А смотритель только улыбается и говорит:
— Не извольте беспокоиться: через голос природы это все объяснится.
Барятинский рассмеялся:
— Ты, — говорит, — братец, после этого и сам не Филипп Филиппович, а “голос
природы”, — и очень этим человеком заинтересовался.
ГЛАВА ЧЕТВЕРТАЯ
Лег князь в чистую постель — ноги и руки вытянул, и так хорошо ему стало, что
он сразу же задремал: проснулся через час в прекрасном расположении, а перед ним
уже стоит прохладный шербет вишневый, и этот самый хозяин просит его выкушать.
— Вы, — говорит, — на лекарства медиков, ваша светлость, не полагайтесь, а
у нас природа и вдыхание атмосферы пользуют.
Князь весело ему отвечает, что все это, говорит, очень хорошо, но я тебе должен
признаться — я у тебя прекрасно спал, но, черт меня возьми, и во сне все думал:
где же я тебя видел, или никогда не видал?
А тот отвечает:
— Нет, —говорит, — вы изволили очень хорошо меня видеть, но только совершенно
в другом виде природы и потому теперь не признаете.
Князь говорит:
— Хорошо, пусть так; но теперь здесь, кроме меня и тебя, никого нет, если же
там в соседней комнате кто есть — то вышли всех их вон, пусть на лестнице постоят,
а ты мне откровенно скажи без всякой секретности: кто ты такой был и в чем твоя
преступная тайна, — я могу тебе обещать выпросить прощение и обещание свое исполню,
как есть я истинный князь Барятинский.
Но чиновник даже улыбнулся и отвечал, что за ним ровно никакой провинной тайности
нет и никогда не было, а он не смеет только “сконфузить” князя за его непамятливость.
— Так и так, — говорит, — я вашу светлость за ваше добро постоянно помню и
на всех молитвах поминаю; а наш государь и вся царская фамилия постоянно кого
раз видели и заметили — того уж целый век помнят. Потому дозвольте, — говорит,
— мне вам словесно о себе ничего не вспоминать, а в свое время я все это вам в
ясных приметах голосом природы обнаружу — и тогда вы вспомните.
— А какое же ты к этому средство имеешь голосом природы все обнаруживать?
— В голосе природы, — отвечает, — все средства есть.

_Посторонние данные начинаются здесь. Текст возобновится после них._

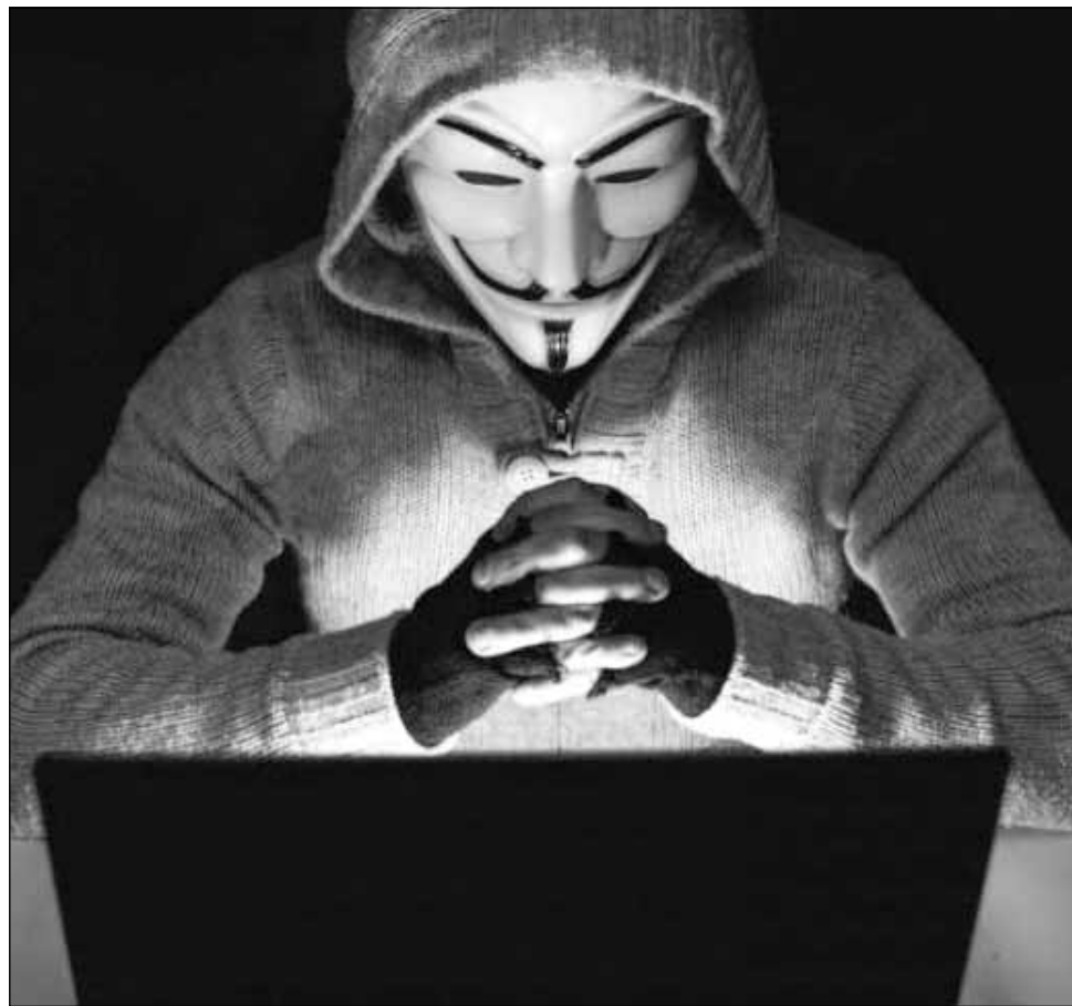
TeenSafe a pus date necriptate referitoare la utilizatorii săi pe câteva servere Amazon

Asta înseamnă că accesul la numele de utilizator și parola aferente contului tău nu
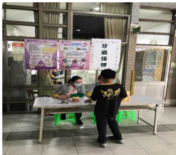
校慶時邀請社區牙醫診所到校進行潔牙 教學宣導
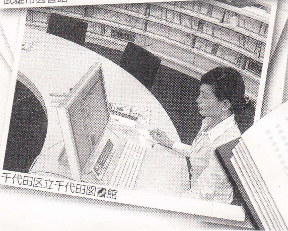
千代田区立千代田図書館
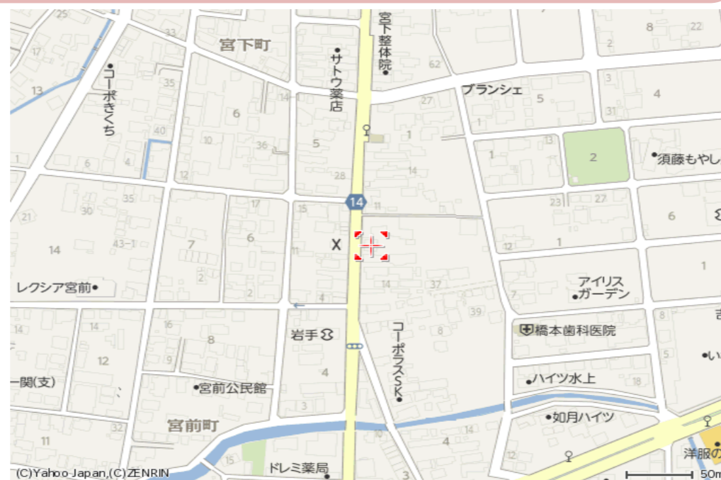
宮前町分譲地 2区画
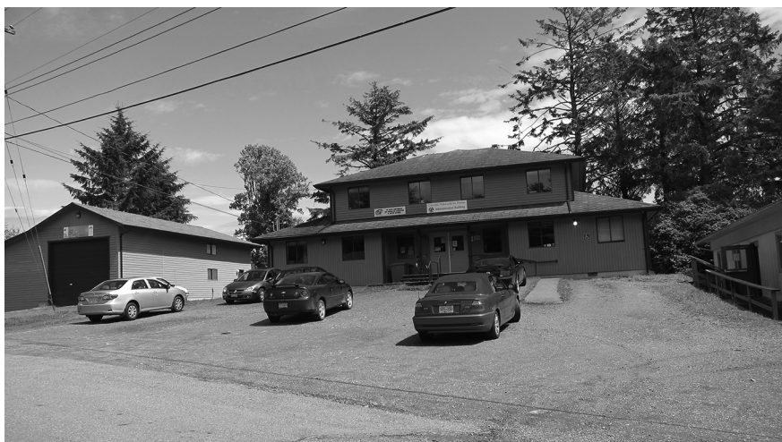
Figure 3 Centre administratif de la réserve (Photo de Marie Mauzé, juillet 2011)

conditions décentes. La relocalisation s'est faite dans la précipitation la plus désorganisée. Aucune consultation n'a été entreprise avec les chefs des deux communautés pour décider des différentes étapes de la réinstallation au vu de l'avancement des travaux de construction des maisons. À la suite des recommandations de l'agent J. A. Findlay, il a été proposé de construire huit maisons pour les 'Nakwaxda'xw, puis seize l'année suivante pour les Gwa'salas, compte tenu du fait que les deux bandes avaient donné leur accord pour la réinstallation à Tsulquate, « à condition que tous les membres puissent déménager en même temps » (Kwakwewlth Agency Agent J.A. Findlay, Letter to Indian Commissioner, B.C., J.V. Boys, Feb. 23, 1963 (INAC 1951-73, various files, cité in Emery et Grainger 1994 : 84). En tout état de cause, la construction d'une vingtaine de logements était nécessaire pour accueillir l'ensemble des habitants de Ba'a's et de Takush, et cela devait s'échelonner sur une période de trois ou quatre années (Emery et Grainger, ibid. ).
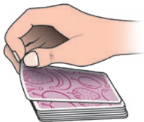
Bir kartın açılma şekli.

Oyuncu kendine bir avantaj sağlamamak için kartı karşı tarafa doğru açar, kendine doğru değil. Hareket ne kadar çabuk olursa kendisi de açılan kartı o kadar hızlı görebilir.
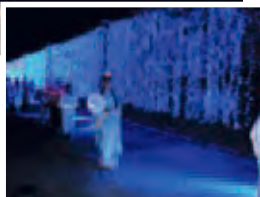
青色のイルミネーションが薄のよう に美しい碧の小道
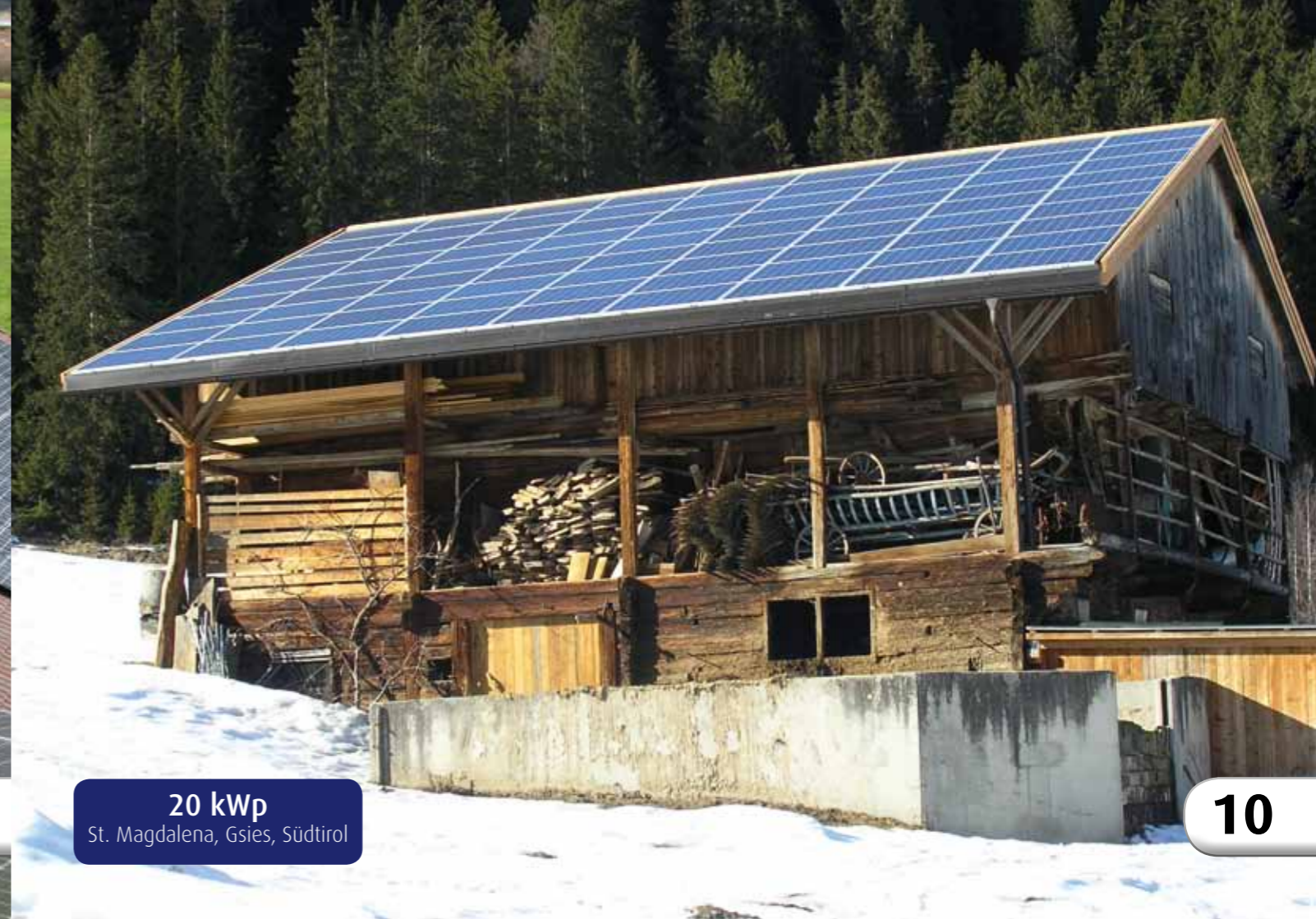
20 kWp St. Magdalena, Gsies, Südtirol
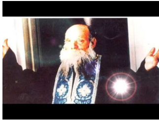
Γέροντας Ευμένιος Σαριδάκης - Ομιλεί ο ίδιος
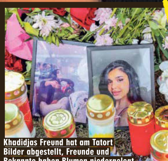
Khadijas Freund hat am Tatort Bilder abgestellt, Freunde und Bekannte haben Blumen niedergelegt
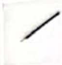
مداد و کاغذ
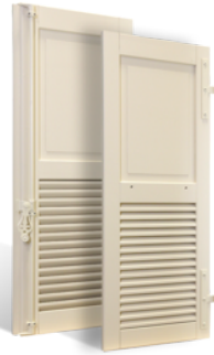
VOLETS BATTANTS GRASSE À LAMES À LA FRANÇAISE EN BOIS EN SAVOIR PLUS
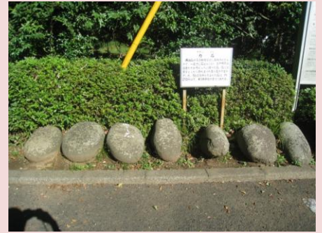
下総松崎そばの踏切手前にあった (なりた道)
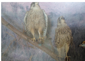
L'Aigle Royal dans l'écomusée de Bouhedma
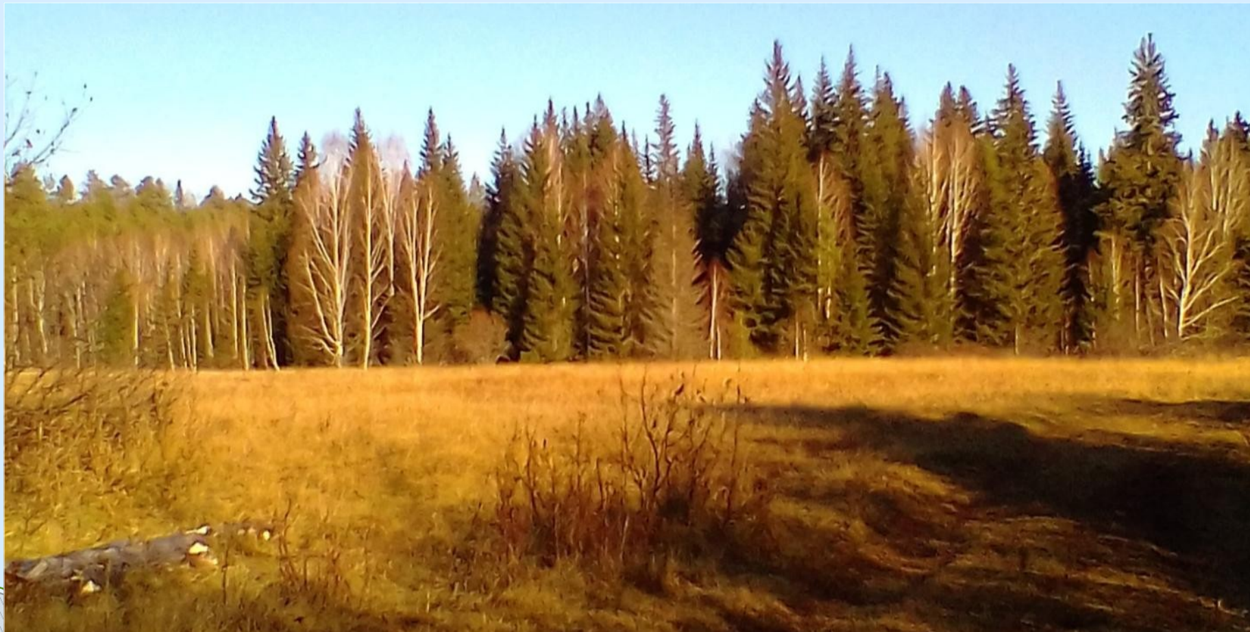
Дорога в лес через поле к Сергиеву урочищу.

С собой на прогулку я взяла фотоаппарат и на каждом шагу делала интересные снимки. Приглашаю вместе с нами вспомнить нашу прогулку и полюбоваться красотами нашего леса.
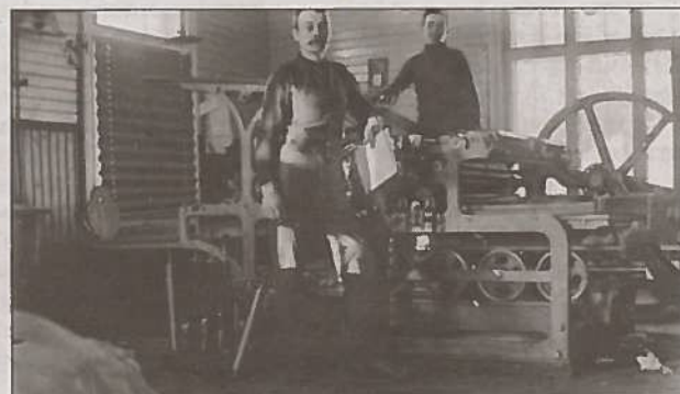
Okända arbetare på Östra Nylands tryckeri anno dazumal.
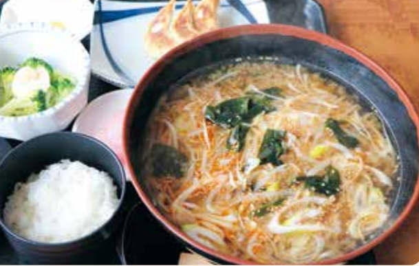
「ねぎ味噌ラーメン」にギョーザとライスのセットがお得。 「ねぎ味噌ラーメン+ギョーザとライスのセット/1,080円」
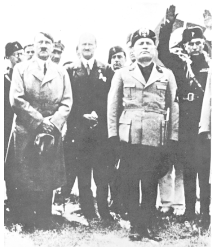
8. La première des grandes entrevues diplomatiques entre le Führer Adolf Hitler et le Duce Benito Mussolini (fin des années 1930).

Ce service secret s'était doté d'une politique voulant que, contrairement aux services secrets des principaux pays alliés du Canada, les activités des agents de renseignement étaient strictement limitées aux frontières canadiennes. Pour obtenir des renseignements sur les États étrangers, la GRC recourrait aux sources ouvertes (les sources d'informations publiques comme les agences de presse et les médias d'information) ou à ses alliés avec qui elle avait développé de bonnes relations, notamment les États-Unis et la Grande-Bretagne.
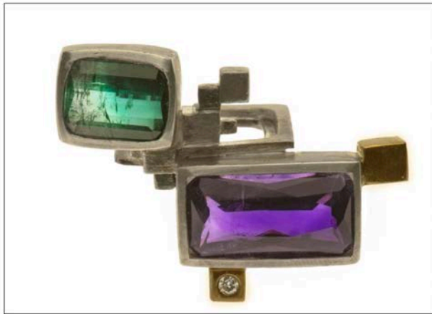
Anello collezione Metropolis in argento con crisoberillo e ametista
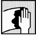
Dynacoat Degreaser Vandbaseret
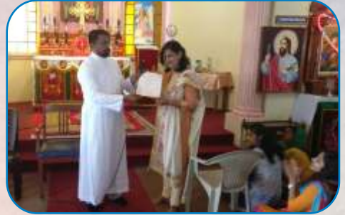
Mathru Sangham Yearly Planner Release, Vishrathwadi

Князь улыбнулся чудаку и говорит:
— Это твоя правда, — сказал князь, — забывать скверно, и наш государь и царская
фамилия действительно удивительно какие памятливые; но у меня память слабая. Не
снимаю с тебя воли, делай как знаешь, только я желаю знать: когда же это ты будешь
мне свой голос природы обнаруживать, потому что я себя теперь в твоем доме уже
очень хорошо почувствовал и после полуночи, холодком, хочу выехать. А ты мне должен
сказать: чем тебя наградить за мой покой, который я у тебя имел, — потому что
на это уже таков есть мой обычай.
Смотритель отвечает:
— Я до полуночи успею вашей светлости вполне весь голос природы открыть, если
только вы в рассуждении моей награды не откажете мне то, что я составляю себе
за драгоценнейшее.
— Хорошо, — отвечает князь, — даю тебе свое слово, что все, о чем попросишь,
я тебе сделаю, но только не проси невозможного.
Смотритель отвечает:
— Я невозможного просить не стану, а у меня такое желание больше всего на свете,
чтобы вы явили мне протекцию — сошли ко мне в нижние покои и сели с нами за стол
и что-нибудь скушали, или даже хоть просто так посидели, потому что я нынче справляю
мою серебряную свадьбу, после двадцати пяти лет, как я на Амалии Ивановне женился
по вашему милосердию. А будет это к вечеру в одиннадцатом часу; в полночь же,
как вам угодно, вы можете благопристойно холодком выехать.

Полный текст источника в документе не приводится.